A: Copeptin and sodium levels of a patient with two episodes of DIND. The first episode of DIND (day 9) occurred during a period of rising copeptin and falling sodium. The second episode of DIND (day 18) occurred during a period of hyponatremia being treated with 3% saline. B: The temporal pattern of copeptin and sodium relative to day of DIND. The mean copeptin and sodium levels of 9 DIND patients 6 days before and after the day of DIND are shown. A combination of falling sodium levels and increasing copeptin concentrations was associated with the occurrence of DIND.

When the serum sodium and CSF copeptin data from DIND patients were plotted relative to the day of DIND onset, there was a pattern of increasing copeptin and falling serum sodium leading up to the day of DIND onset (Fig. 2B).

When copeptin concentrations were matched with the mean sodium values obtained for the respective days, hyponatremic DIND patients were found to have higher copeptin values than hyponatremic no-DIND patients (p < 0.05, one-way ANOVA) (Fig. 3).

FIG. 3.
FIG. 3.

Higher copeptin levels in hyponatremic DIND patients compared with hyponatremic no-DIND patients. Copeptin concentrations were matched with the mean serum sodium values obtained for the respective days. Hyponatremic DIND patients (n = 7) had higher copeptin concentrations than hyponatremic no-DIND patients (n = 6). *A nonparametric one-way ANOVA indicated a statistically significant difference (p < 0.05) between copeptin concentrations in hyponatremic DIND patients compared with hyponatremic no-DIND patients.

Discussion

The main findings from this study are as follows: 1) CSF copeptin levels in DIND patients continued to rise on days 6–10 after aSAH, whereas in no-DIND patients, CSF copeptin peaked on days 4–5 and then decreased; 2) increased CSF copeptin levels were associated with a hyponatremic state in the DIND patients; and 3) a combination of falling serum sodium levels and increasing CSF copeptin concentrations was associated with the occurrence of DIND.

Copeptin Differences Between DIND and No-DIND Groups

Greater differences between the copeptin concentrations of DIND and no-DIND patients started to occur from days 6–7 after aSAH, with the most significant difference observed 10 days after aSAH. Importantly, this correlates with the 7- to 10-day time frame during which DIND occurs with the greatest frequency after aneurysm rupture.9 AVP has been shown to play a significant role in the inflammatory response to brain injury.25 Since copeptin is a marker of AVP, this could indicate that ongoing inflammation contributes to the development of DIND.

The Predictive Value of Copeptin

Copeptin may have value as a predictor of DIND because a progressive increase in CSF copeptin was observed in the days leading up to DIND onset (Fig. 2B). Although formal analysis of the predictive value in terms of sensitivity and specificity was not carried out, a change in CSF copeptin levels within this time frame indicating that DIND is imminent would allow for prophylactic escalation of therapy. The predictive value of copeptin could potentially be increased if included as a component of a panel of predictive biomarkers.23

Determining if AVP Elevation Causes DIND

Establishing whether increased copeptin concentrations (and in effect AVP) precede the development of DIND is crucial in establishing causation. Due to substantial intraindividual fluctuations and interindividual variability in copeptin concentrations, the mean CSF copeptin concentrations were obtained, and the general trend of copeptin before and after the day of vasospasm was assessed (Fig. 2B). Copeptin concentrations were significantly elevated prior to the day of onset of DIND, peaking 1 day after and subsequently decreasing. Data analysis of individual patients with a well-defined temporal pattern of copeptin matched this general trend of CSF copeptin increasing prior to the occurrence of DIND and then falling. However, a clear sequence of cause and effect between AVP and DIND cannot be concluded since this was a retrospective study.

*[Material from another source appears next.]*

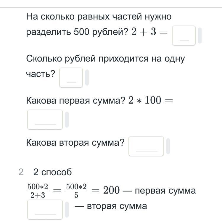 500*2/(2+3) =500*2/5=200- первая сумма.
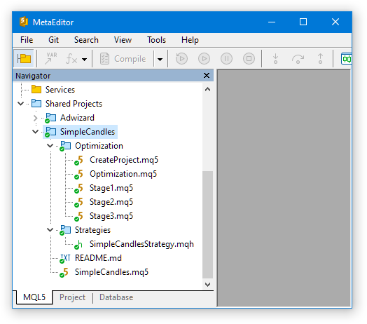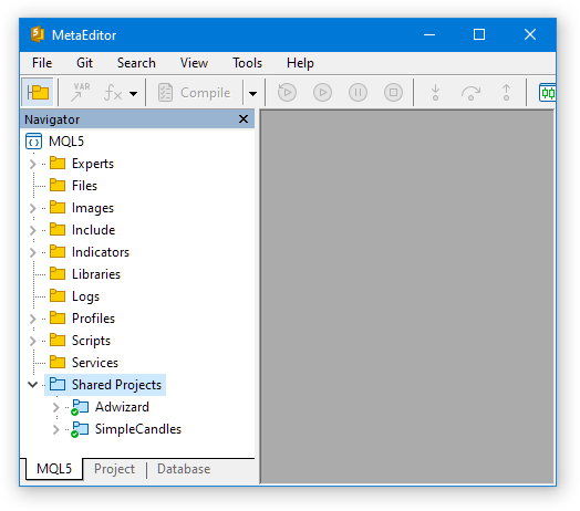 После завершения этого шага у нас есть два репозитория кода: библиотечный (Adwizard) и проектный (SimpleCandles), расположенные в папке Shared Projects рабочей папке MQL5 выделенной копии торгового терминала MetaTrader 5:

Furthermore, therapy intensity may have interfered with copeptin levels and hence AVP levels, since both hypervolemia and the use of hypertonic saline could lead to an iatrogenic change in osmolality, which would in turn affect AVP release.27

AVP may be used as a supplementary vasopressor in triple-H therapy that is refractory to standard catecholamine treatment.22 The administration of exogenous AVP could result in a reduction in endogenous AVP levels.

However, based on the retrospective review of patient records, none of our patients had received an AVP infusion or desmopressin on the days CSF was tested. Therefore, the administration of exogenous AVP was not a potential confounding factor in our study. Although we could not establish that AVP causes DIND, our data indicate an association between increased AVP and DIND.

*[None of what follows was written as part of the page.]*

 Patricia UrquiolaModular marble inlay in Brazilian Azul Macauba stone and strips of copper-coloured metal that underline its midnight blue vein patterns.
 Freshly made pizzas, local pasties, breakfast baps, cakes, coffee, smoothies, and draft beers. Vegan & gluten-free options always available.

The Relationship Between Hyponatremia and DIND

An association between hyponatremia and DIND has been demonstrated in previous studies.7,21,27,30 While increased CSF copeptin alone is not predictive of DIND, a combination of increased CSF copeptin concentration and serum hyponatremia separates DIND patients from no-DIND patients (Fig. 3). However, the occurrence of DIND is not strictly associated with an absolute sodium value of < 135 mmol/L combined with elevated copeptin. A decrease in sodium value coupled with an increase in copeptin is also associated with DIND (Fig. 2A and B). This suggests that the simultaneous changes in copeptin and sodium values may be just as important as absolute values in relation to DIND.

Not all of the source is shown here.